Amid the Covid crisis, the BSE-SME exchange has halved to ₹1.5 crore, the net tangible asset requirement for small and medium enterprises planning to list on the platform.
Of the mandatory three years of operations, a company will now be eligible to list if it has combined positive cash accruals (earnings before depreciation and tax) in any one year. Earlier, it had to show positive cash accruals for all three years.
Makarand Joshi, Partner, MMJC and Associates LLP, a corporate compliance firm, said the disruption caused by Covid in terms of cash flow to the economy has been unprecedented and has led to distress among the SME segment. At a time when commercial banks are reluctant to lend for fear of NPAs, the relaxation in eligibility norms for SME listing would enable leveraged SMEs to explore the capital market space and survive the downturn, he added.
The Indian SME sector has been starved of debt and equity funding. While it accounts for 48 per cent of the country’s exports, it has access to just 18-20 per cent of bank credit.
Compliance is key
While the new norms have eased listing norms, SMEs have to learn the ropes of compliance to graduate to the next level in the capital market space, said Joshi.

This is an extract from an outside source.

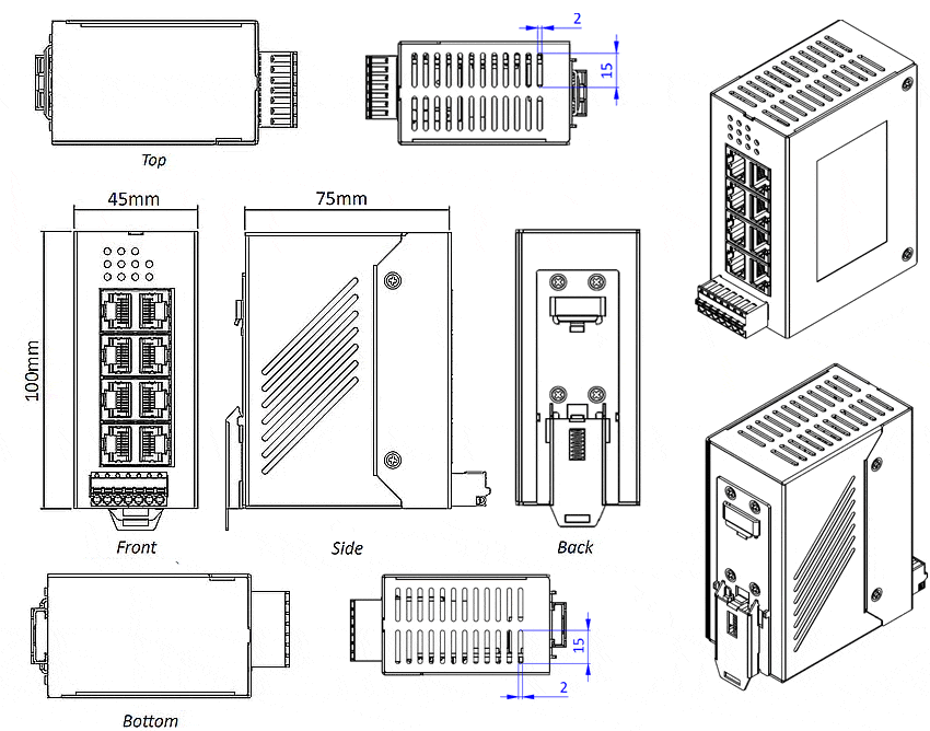 Mechanical drawings of IDS-108FE Industrial Gigabit Switches

Earlier, both BSE-SME and NSE-Emerge had cut the annual listing fee by 25 per to help more SMEs list. The revised lower listing fee structure will be applicable to both companies already listed and those which are in the process of listing.
The rebate in fee comes close on the heels of Finance Minister Nirmala Sitharaman announcing several measures to rescue the ailing SME sector.
As part of a ₹20-lakh crore financial package, the Centre plans to infuse ₹50,000 crore equity into MSMEs through a fund-of-funds to be set up separately.
BSE SME has 322 companies listed on its platform; of this, 79 have migrated to the main board. The 322 have altogether raised ₹3,279 crore from the market and command a market capitalisation of ₹15,865 crore.